Sure, that was what was suggested at the Cauldron - rtx_cost on individual
insns (rtx cost doesn't even work on that level usually!) isn't coarse enough.
We're C++ now so we'd pass the hook an iterator which it can use to
iterate over the insns it should compute the cost of.

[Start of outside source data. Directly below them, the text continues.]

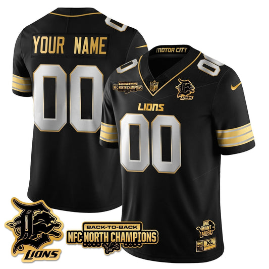 Custom Gender/Name Detroit Lions 2024 NFC North Champions Gold Jersey N1 - All Stitche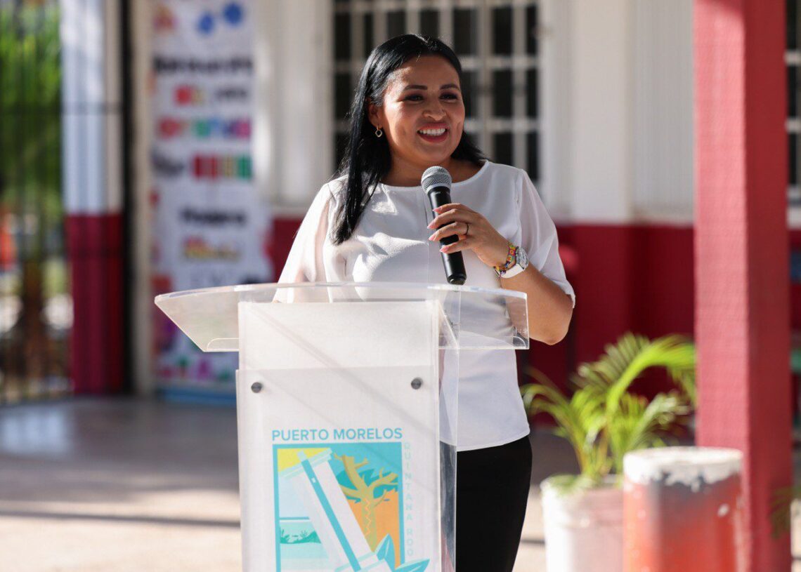 Puerto Morelos, Quintana Roo, 3 de septiembre de 2025.—La presidenta municipal Blanca Merari Tziu Muñoz acompañó esta mañana a Reynaldo Miguel Sebastián, director de Planeación de la Secretaría de Educación (SEQ) Zona Norte, en la ceremonia de inicio oficial del ciclo escolar 2025-2026, en la primaria “Benjamín Sabido Rosado”, y la entrega de 4 mil 943 paquetes de apoyo escolar para alumnos de preescolar, primaria y secundaria de todo el municipio, provenientes del Gobierno del Estado.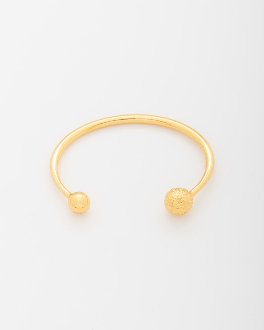 - Brazalete elaborado en Zamak (aleación de metales) con baño de oro de 24k.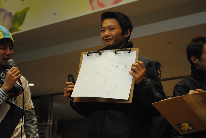 絵心対決中に行われたけん玉対決には、シシーニョ選手、庄司選手、大本選手、薮内選手、ビクトル選手、永島選手の6選手が参加し、その中で本人も驚く、1回で成功させた永島悠史選手が優勝しました。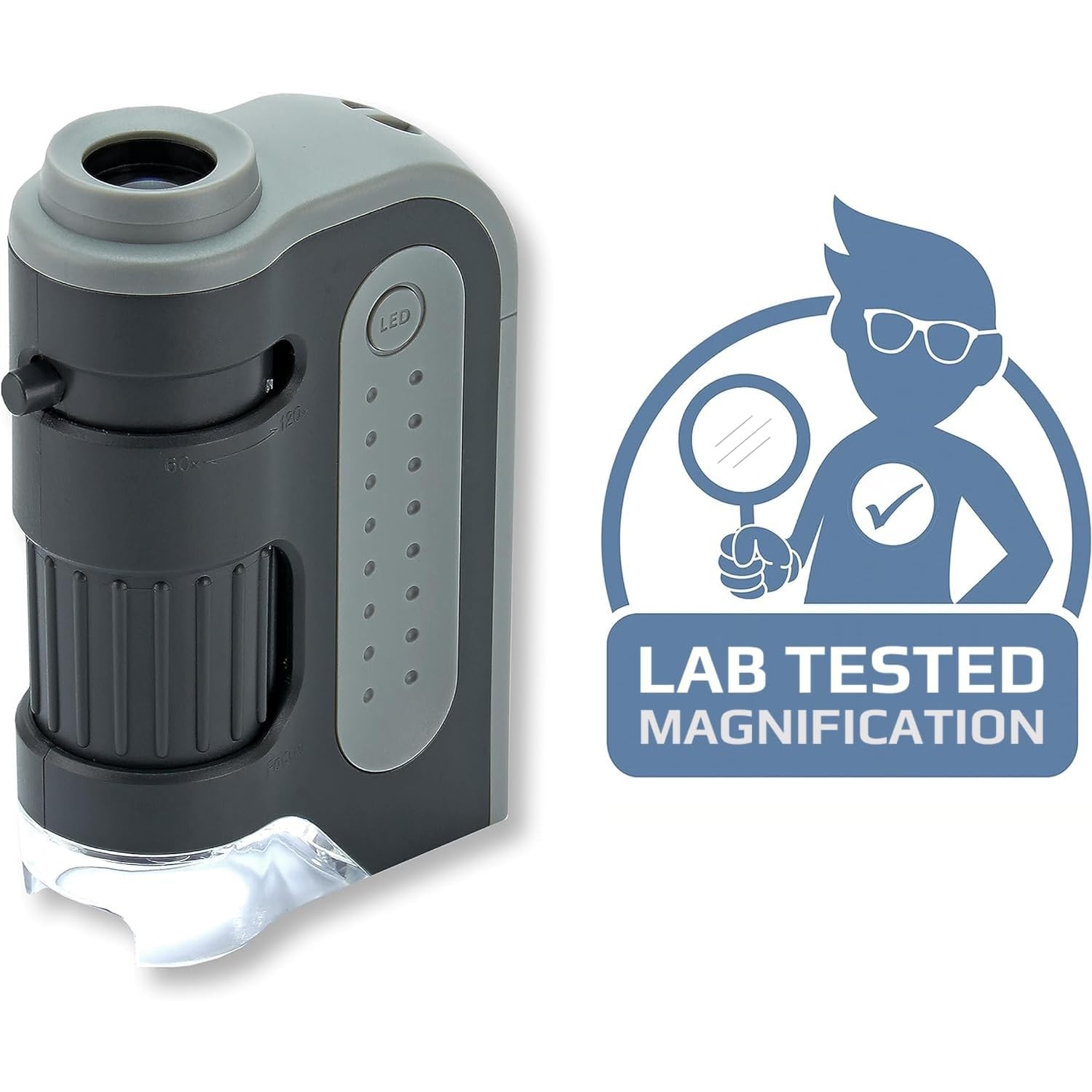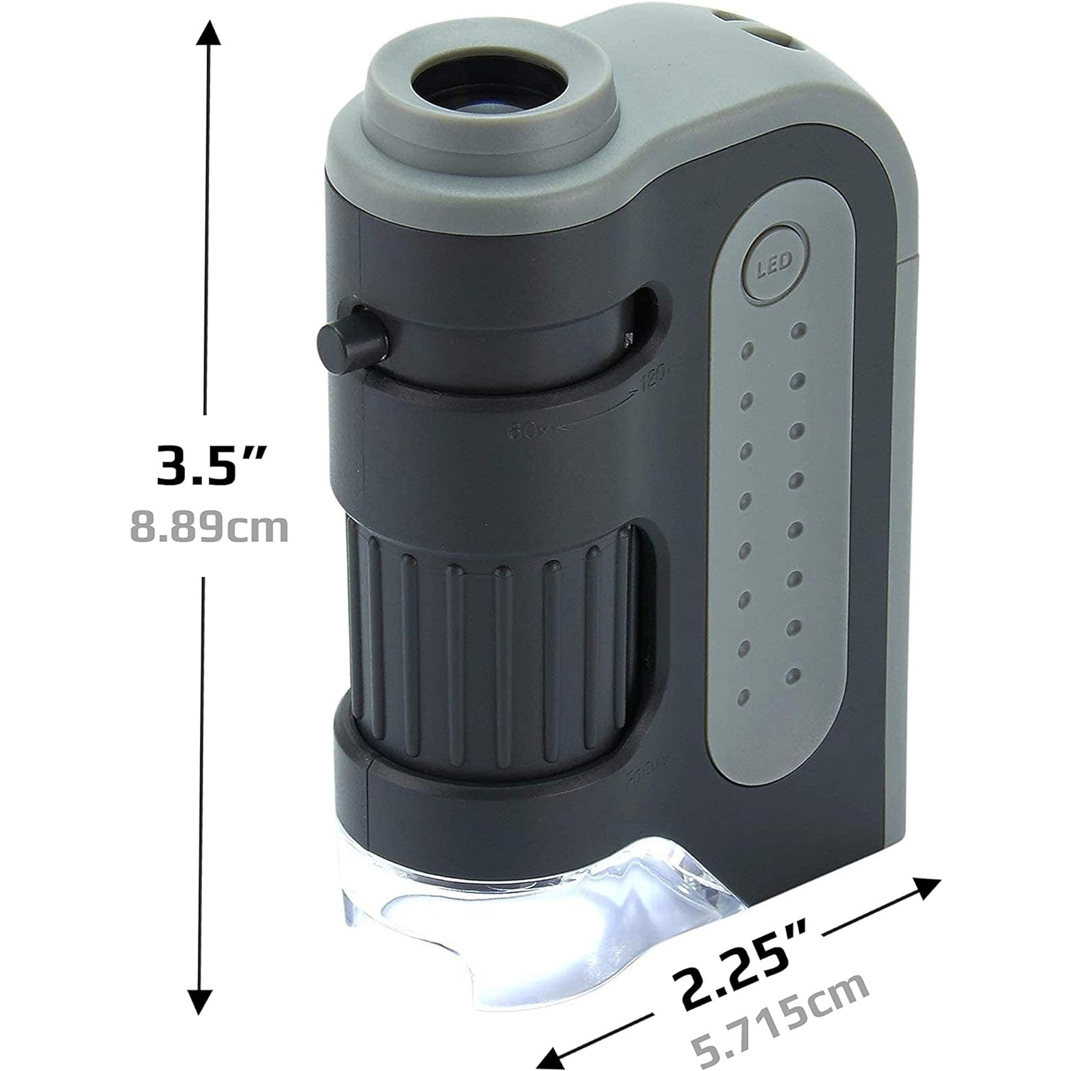 Güçlü 60x-120x büyütme aralığına sahip cep mikroskobu.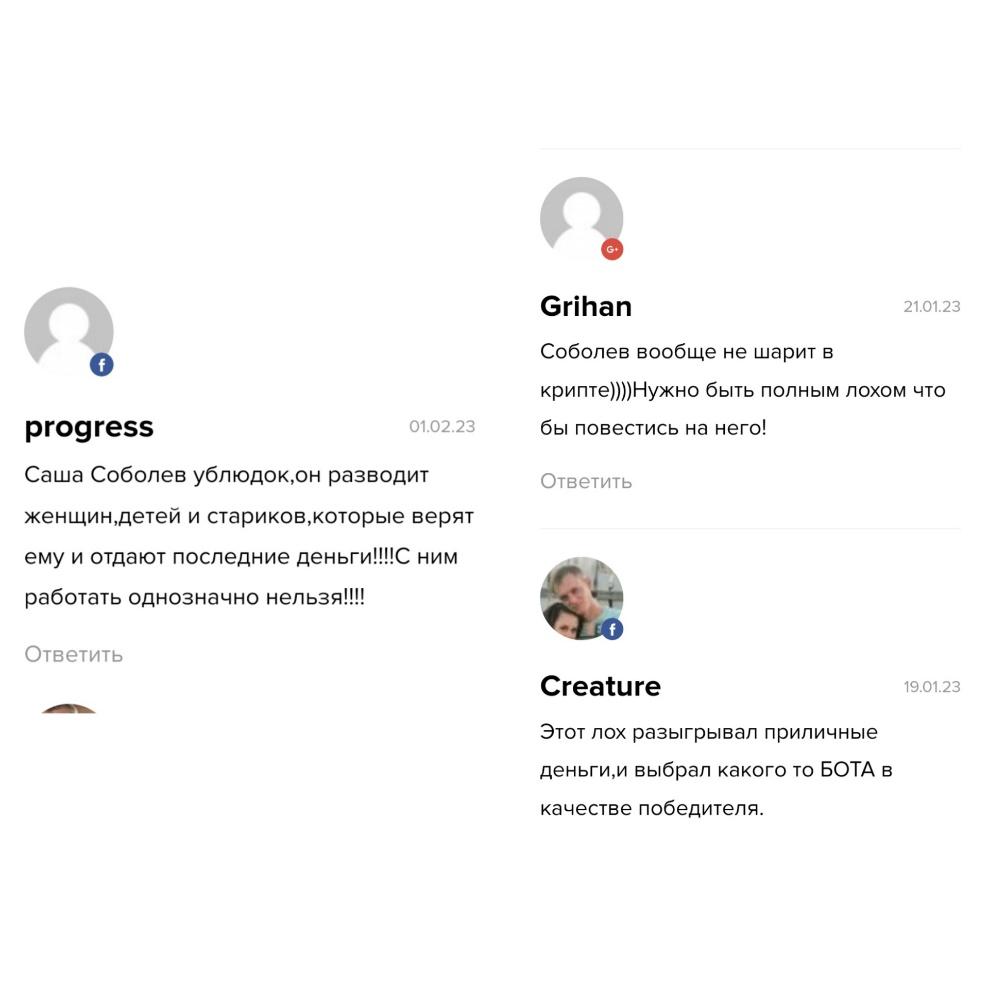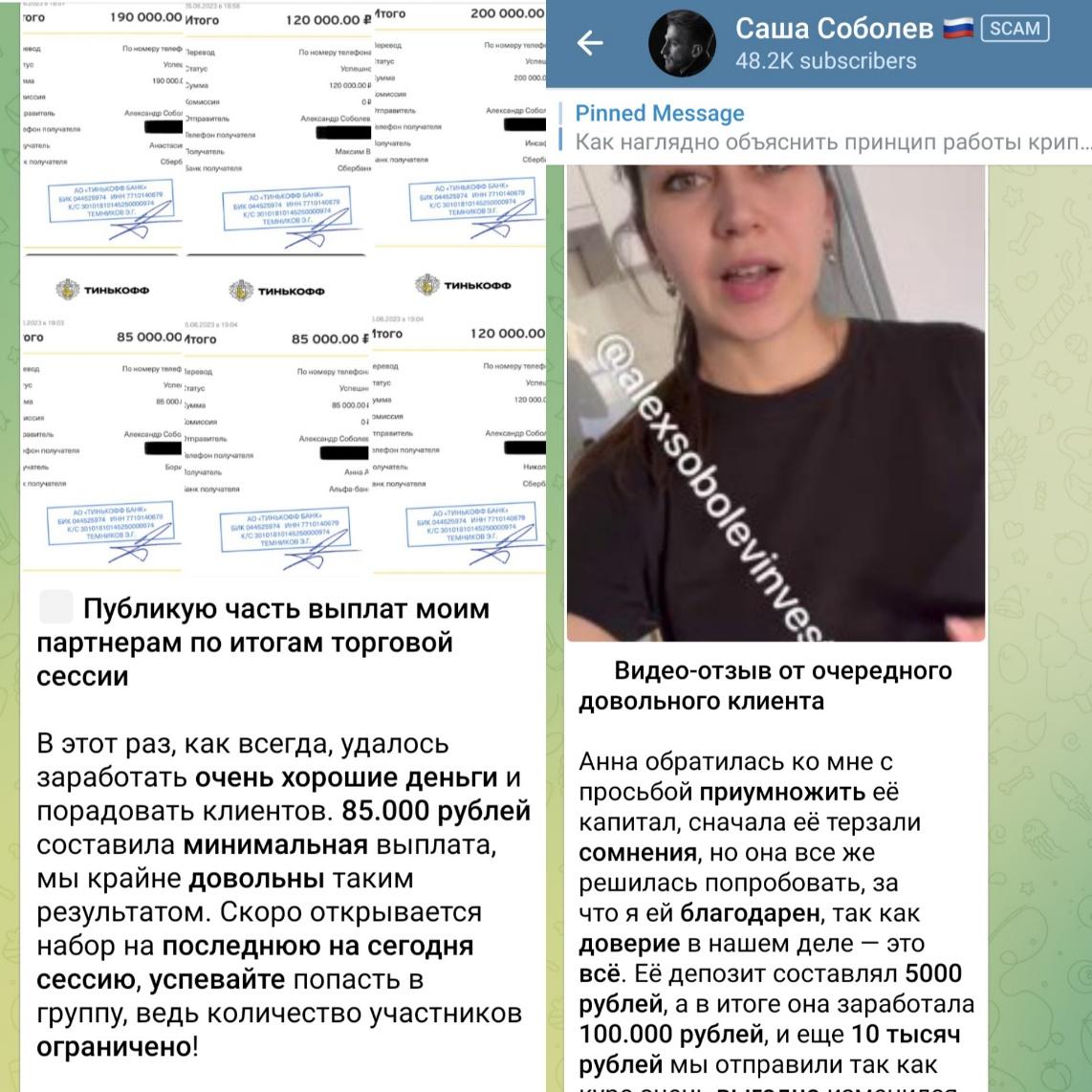 На самом канале имеются фейковые видео с отзывами от заказных людей. Там рассказывают, что сотрудничество смогло принести большую прибыль. В реальности клиенты недовольны работой с проектом, ведь он разводит пользователей на деньги. В интернете сейчас появляются новые негативные отзывы, и можно уверенно заявить о том, что каналом руководит аферист. В Телеграмме сам Александр Соболев называет себя миллиардером из Москвы и успешным трейдером, хотя никаких доказательств этому нет. Он обманным путем забирает все вложения инвесторов себе и взимает дополнительную комиссию. Доверять проекту однозначно нельзя.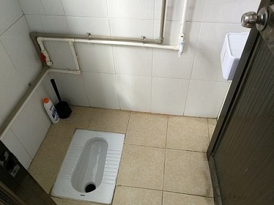 余杭区欢西路国珍健康生活馆 厕所蹲便器往楼下漏水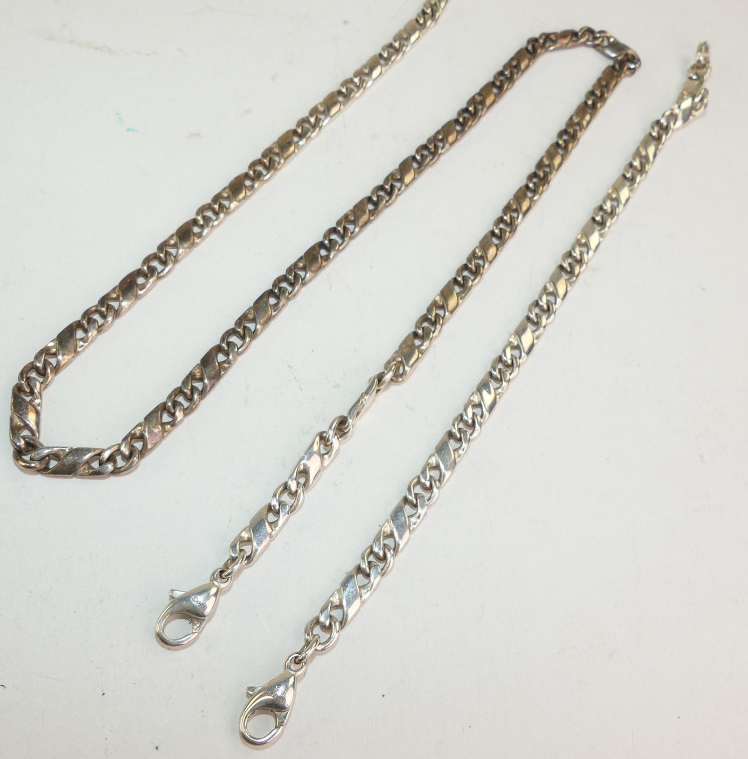 heavy italian sterling silver curb link necklace, and bracelet, w/a 67 grams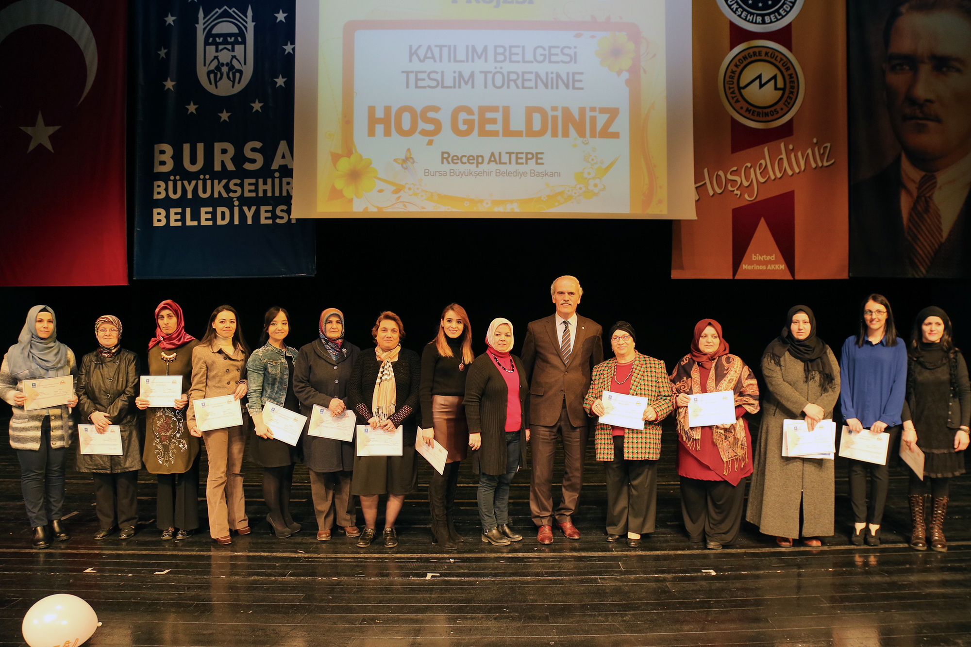 - MERİNOS ATATÜRK KONGRE VE KÜLTÜR MERKEZİ’NDE (MERİNOS AKKM) DÜZENLENEN VE BÜYÜKŞEHİR BELEDİYE BAŞKANI RECEP ALTEPE’NİN DE KATILDIĞI TÖRENDE, EĞİTİMLER SONUCUNDA YAPILAN SINAVDA 80 İLE ÜZERİ PUAN ALAN KURSİYERLERE DE ÇEŞİTLİ HEDİYELER DAĞITILDI.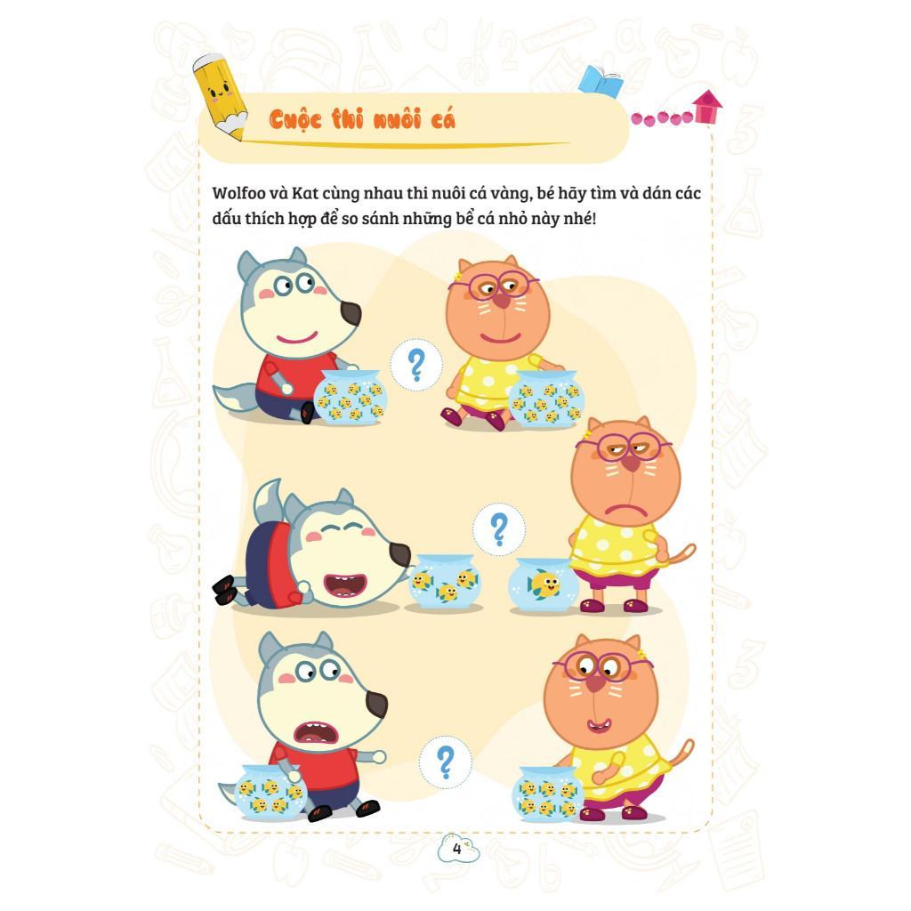 Cuốn sách thuộc trong bộ sách “Wolfoo khám phá toán học vui” gồm 4 cuốn dành trẻ từ 3 đến 6 tuổi. Được thiết kế theo hướng giúp trẻ trải nghiệm, làm quen với những kiến thức toán học cơ bản như: số đếm, phép tính, so sánh và phân biệt các đối tượng, nhận biết hình học cơ bản…Các đơn vị bài học đều được chia thành các chủ điểm kết hợp với các hoạt động thú vị như tập đếm, trả lời câu hỏi, ghép tranh, thực hành với hệ thống bài tập tương tác kết hợp dán sticker, tô màu theo phương pháp từ đơn giản tới phức tạp để giúp trẻ phát triển toàn diện khả năng tư duy logic, suy luận, đánh giá tổng quát và chi tiết từng vấn đề.

> The "redundancy_factor" in particular is pretty tough to define in a way
> which makes sense outside of if_convert, without adding some pretty
> detailed analysis to decide what might or might not be eliminated by
> later passes. The alternative is to weight the other side of the equation
> by tuning the cost of branch_cost_in_insns high. This only serves to increase
> the disconnect between a real-world cost and a number to tweak to game
> code generation.
>
> If you have a different way of phrasing the if-conversion question that
> avoids the two very specific hooks, I'd be happy to try taking the patches
> in that direction. I don't see a way to implement this as just queries to
> a costing function which does not need substantial target and pass
> dependent tweaking to make behave correctly.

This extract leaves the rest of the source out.